#### REQUIREMENT:
Below is a listing to copy exactly; no image goes into the copy.

#### DATASET CONTENT:

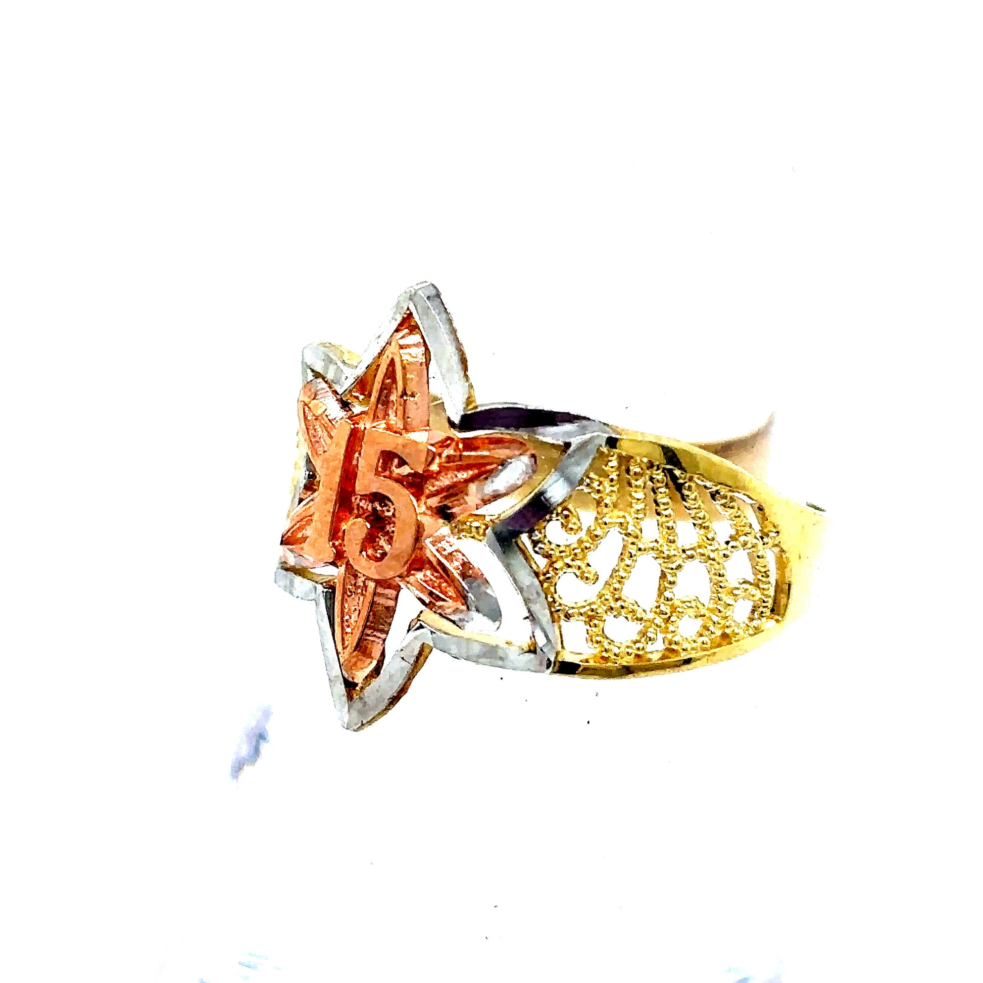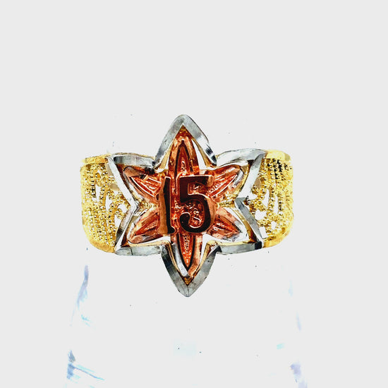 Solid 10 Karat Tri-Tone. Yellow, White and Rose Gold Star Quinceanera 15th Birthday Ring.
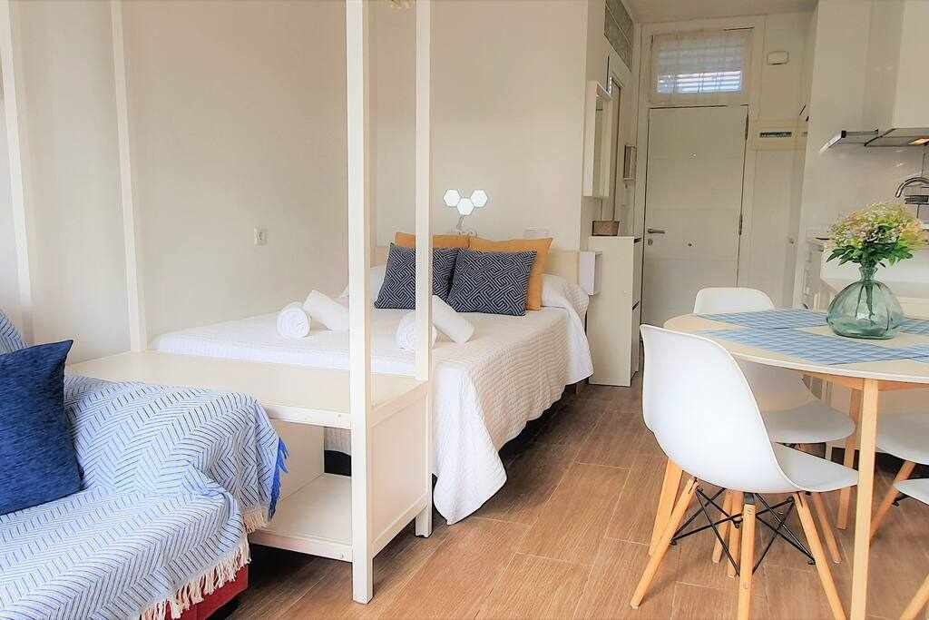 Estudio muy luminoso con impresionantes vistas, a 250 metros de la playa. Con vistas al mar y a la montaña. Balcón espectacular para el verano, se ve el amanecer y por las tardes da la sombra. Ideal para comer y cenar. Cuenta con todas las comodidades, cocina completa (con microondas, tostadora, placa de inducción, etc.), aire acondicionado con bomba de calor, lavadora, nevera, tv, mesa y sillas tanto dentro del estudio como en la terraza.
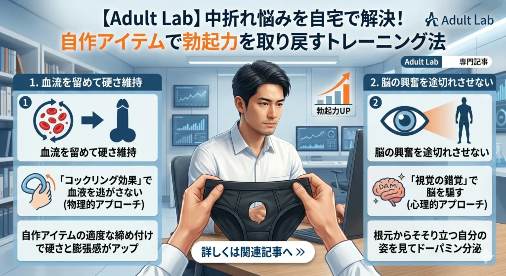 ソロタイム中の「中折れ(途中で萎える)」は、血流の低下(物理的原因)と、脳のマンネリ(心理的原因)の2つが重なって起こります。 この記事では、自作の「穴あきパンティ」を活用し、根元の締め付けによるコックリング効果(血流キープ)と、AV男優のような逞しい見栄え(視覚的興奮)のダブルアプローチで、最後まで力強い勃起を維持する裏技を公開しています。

#### TASK SOLUTION:
 Solid 10 Karat Tri-Tone. Yellow, White and Rose Gold Star Quinceanera 15th Birthday Ring.
 Estudio muy luminoso con impresionantes vistas, a 250 metros de la playa. Con vistas al mar y a la montaña. Balcón espectacular para el verano, se ve el amanecer y por las tardes da la sombra. Ideal para comer y cenar. Cuenta con todas las comodidades, cocina completa (con microondas, tostadora, placa de inducción, etc.), aire acondicionado con bomba de calor, lavadora, nevera, tv, mesa y sillas tanto dentro del estudio como en la terraza.
 ソロタイム中の「中折れ(途中で萎える)」は、血流の低下(物理的原因)と、脳のマンネリ(心理的原因)の2つが重なって起こります。 この記事では、自作の「穴あきパンティ」を活用し、根元の締め付けによるコックリング効果(血流キープ)と、AV男優のような逞しい見栄え(視覚的興奮)のダブルアプローチで、最後まで力強い勃起を維持する裏技を公開しています。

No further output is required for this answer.